BMW Power: Those who take "VIP Delivery" at BMW Welt are given a full tank of gas upon delivery at BMW Welt, which is what I care about.


----------



## DXK (Jun 1, 2007)

dbs600 said:


> BMW Power: Those who take "VIP Delivery" at BMW Welt are given a full tank of gas upon delivery at BMW Welt, which is what I care about.


Is that a question of money (spent the last cent on 750) or convenience with you? Or is that just a matter of "somebody gets it and I don't"?


----------



## dbs600 (Apr 29, 2010)

The later. I am flying half way around the world and I would like to take part in the most full experience I possibly can, not minding to pay extra, within reason, for the level of service that would be provided to me per "VIP Delivery". For the hell that I went through with my Individual order, the last thing I want is any stops to the very best BMW has to offer.


----------



## BMW Power (Jul 25, 2007)

You will be very pleased with the experience, everyone is treated like a VIP. Where did you read that some customers get a full tank? Like I said, this was standard before the Welt (pre 2007) was built, but no longer. I had about 1/3 of a tank when I got mine and that seems to be about what most people are getting.


----------



## DXK (Jun 1, 2007)

In a way, you're already getting the best that BMW has to offer for less: BMW prices their cars in U.S. lower than anywhere else in the world + NYC tax is half of what every other European pays in VAT tax. i.e. your car would cost over 50% more in Holland, Norway, and Russia and even 10% more in Canada.

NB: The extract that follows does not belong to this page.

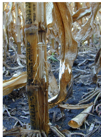
Figure 4. Symptoms of Anthracnose stalk rot phase include shiny black blotches streaked on the stalk surface. Internal stalk tissue may become black and soft, starting at the first and/or second node.

In cases where water availability is reduced in the soil, top leaves tend to dry down and die because of reduced water supply.

Would you change that for a full tank of gas?


----------



## JSpira (Oct 21, 2002)

Per BMW NA, there is no super deluxe, top secret VIP Delivery program for U.S. customers. 

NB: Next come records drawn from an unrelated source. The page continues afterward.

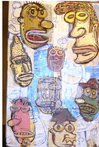
Artist Gary Hirsch painted characters on both covers and included "bonus" mini paintings with dossiers inside.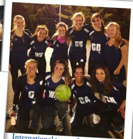
International team of students from Capernwray Hall win their first match!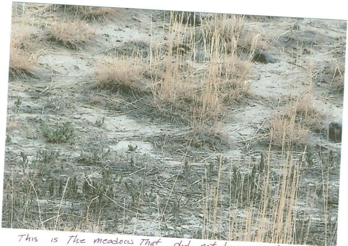
This is the meadow that did not have irrigation water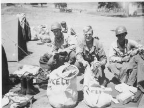
PACKING OUR BARRACK BAGS

The program may be available in other markets but it is not a U.S. option.


----------



## BMW Power (Jul 25, 2007)

JSpira said:


> Per BMW NA, there is no super deluxe, top secret VIP Delivery program for U.S. customers.
> 
> The program may be available in other markets but it is not a U.S. option.


No one told Katy Perry ;-)
http://www.motorward.com/2010/08/after-vw-katy-perry-hooks-up-with-bmw/

Thomas Muderlak, host and manager of BMW Welt.... He was personally on hand to show Katy Perry the hightlights of BMW Welt , after which she insisted on signing the BMW Welt guestbook by kissing it.

If I had know this I would have flipped back a few pages in the guest book.


----------



## bdb (Mar 14, 2002)

When I picked up Friday there were 3 guys picking up. Well 1 guy and his 2 minders? They bit sat back of him while he did the signing off the paperwork. And they both wore sunglasses. And he picked up a 7. 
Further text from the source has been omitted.